Plusieurs thèmes parcourent ces lettres : la situation en Espagne, l’attente de la guerre en Flandre, en Espagne, des batailles et des sièges : Audenarde, Lille, Gand…., puis le récit des défaites et le retour des hommes blessés. La Maison de Saint Cyr revêt l’habit religieux (p 177) après sa transformation en maison religieuse. Port Royal est dispersé sans un soupir (octobre 1709). Et la crainte du renvoi de Mme des Ursins de la direction des affaires en Espagne devient de plus en plus forte si bien que Mme de Maintenon se plaint de sa vieille amie à un correspondant : « notre commerce devient pénible » (p 680) . Elle soutient de quelques conseils des Dames de Saint Cyr : « votre imagination est tendue de deuil. Reprenez de la joie car elle est nécessaire pour bien vous acquittez de vos devoirs ». (p 751). Et puis il y a ce terrible hiver 1709 qui oblige à manger des œufs en Carême par manque de légumes.

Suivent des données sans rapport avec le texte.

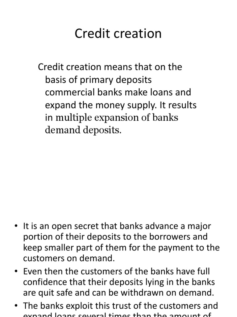 If we expect that the bank needs to keep a crr of 20%. Bank deposit creation or credit creation or money multiplier the ability of the commercial bank system to create new bank deposits and hence increase the money supply.commercial banks accept deposits of currency from the general public. In above example lrr is 10%. Money creation the legal and economic lending capacity of commercial banks is predicated on the volume of business associated with creditworthy borrowers. It creates money based on cash deposits. In most modern economies, most of the money supply is in the form of bank deposits. Therefore, this process of credit creation leads depositors to believe that they have money with the bank. It is one of the most important activities of commercial banks. The minimum ratio of deposit, legally required to be kept as cash by the banks. In simple terms, credit creation is the expansion of deposits. A bank has sometimes been called a factory for the manufacture of credit. Money creation through the credit multiplier a large part of money creation is carried out by commercial banks that provide credit to their customers (individuals or companies). To understand the process of money creation today, let us create a hypothetical system of banks.

Heureusement, les lettres de ces femmes sont parcourues d’informations concrètes sur la cour, comme ces espérances de grossesse, comme ce magnifique jouet offert à une enfant de trois ans, une rare poupée qui témoigne de l’intérêt véritable que Mme de Maintenon porte aux enfants en bas âge, cette poupée qui crée presque un incident politique à la cour tant les habits époustouflants de la poupée sont interprétés comme une critique des habits des femmes de la cour. Il y a aussi cette libération incomprise, cette mode de ne plus porter le corset en public et donc ces corps non tenus de jeunes femmes qui semblent déborder des vêtements.

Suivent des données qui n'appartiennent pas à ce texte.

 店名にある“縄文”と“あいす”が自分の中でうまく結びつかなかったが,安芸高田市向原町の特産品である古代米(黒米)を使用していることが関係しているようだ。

« De l’esprit, de la raison et de la bonne grâce » (5 avril 1681)
Ce livre regorge comme les autres tomes, d’informations sur la cour, légères, graves, diplomatiques et politiques. Il montre l’extraordinaire intelligence de Mme de Maintenon, attentive à des milliers de faits d’importance très diverse, capable de répondre sur des tons tout aussi variés, avec un sens de la formule, une élégance à chaque correspondant pour traiter ces faits et faire circuler l’information.

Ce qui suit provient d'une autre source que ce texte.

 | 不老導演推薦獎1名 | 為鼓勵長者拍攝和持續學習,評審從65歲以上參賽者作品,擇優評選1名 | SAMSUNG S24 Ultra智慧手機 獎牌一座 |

Cet ouvrage est précédé d’un très intéressant avant-propos de Françoise Chandernagor qui retrace sa propre quête des archives de Mme de Maintenon à l’époque où elle écrivait L’allée de roi. C’est la mise à jour passionnante et parfaitement écrite d’une partie du travail de l’historien à la recherche des papiers, triant les faux, les apocryphes et découvrant la finesse, la bonne grâce, la politesse naturelle qui font le style de l’épistolaire. Françoise Chandernagor estime que la publication de ces lettres sont « l’œuvre d’une vie« , heureusement entamée là avec tous les auteurs par les éditions Champion, c’est pourquoi on attend avec impatience la sortie des trois derniers tomes.